Когда загон был завершен, трактора подогнали к подножью холма, и Павел, кинув рукой в сторону сосны, пошел к ней и лег в тени на траву, на спину. Следом за ним поднялись Степан и Сергей Иванович. Степан присел рядом с Павлом и закурил; загорелое лицо его, как и лицо Павла, было в крапинках пота. Но ни он, ни Павел, казалось, не были возбуждены работой, тогда как Сергей Иванович, и он не скрывал это, был взволнован и то и дело поглядывал на скошенный ими луг.
— Что? — перехватив его взгляд и приподнявшись на локте, спросил Павел. — Много?
— Не то слово «много», а просто...
— Поотстал ты, вижу, от жизни, — как будто зная наперед, что скажет Сергей Иванович, и потому перебивая его, заметил Павел. — И порядком. Это ведь мы с ленцой, с прохладцей, так я говорю, а? — Он посмотрел на Степана и подмигнул ему.

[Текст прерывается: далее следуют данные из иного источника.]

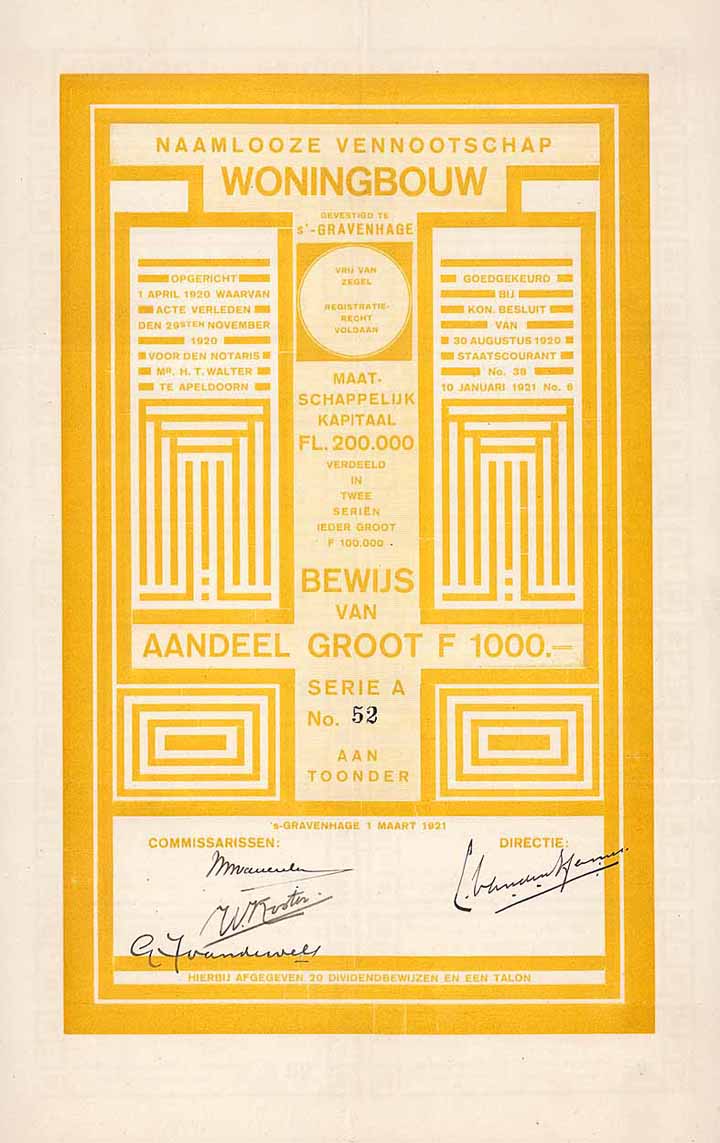 | Previous lot | Back | Next lot | | Lot: | 747 (Half starting price) | | Title: | N.V. Woningbouw | | Details: | Aandeel Serie A 1.000 fl. 1.3.1921 (Auflage 100). | Starting price: | 50,00 EUR | Issuing- date: | 01.03.1921 | Issuing- place: | s’-Gravenhage | | Picture: |  | | Number: | 52 | | Info: | Niederländische Wohnungsbau-Gesellschaft, 1920 gegründet. | | Specials: | Gelber Druck im Art Deko mit Originalunterschriften. | | Availability: | Anh. Kupons. | | Condition: | EF-VF. | | Sold: | unsold |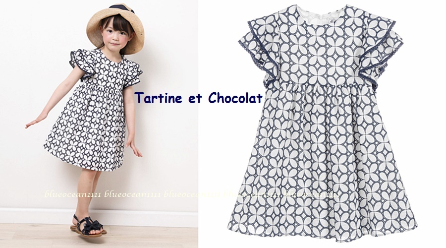- 新品 国内販売価格30,800円 【タルティーヌエショコラ】PARIS企画 フラワー刺繍 フレアスリーブワンピース 140-150cm スカート ブラウス

— Да что там, — отозвался Степан.
— Видишь ли, — начал было Сергей Иванович, но Павел опять перебил его.
— Другое дело, трава нынче, — сказал он. — Тут косой не протянул бы, отмахал плечи. Слышь, Илья-то что вчера говорит, — снова ложась на спину и обращая эти слова к Степану, продолжал Павел. — Говорит, правые-то ножи снял бы.
— Чего это он?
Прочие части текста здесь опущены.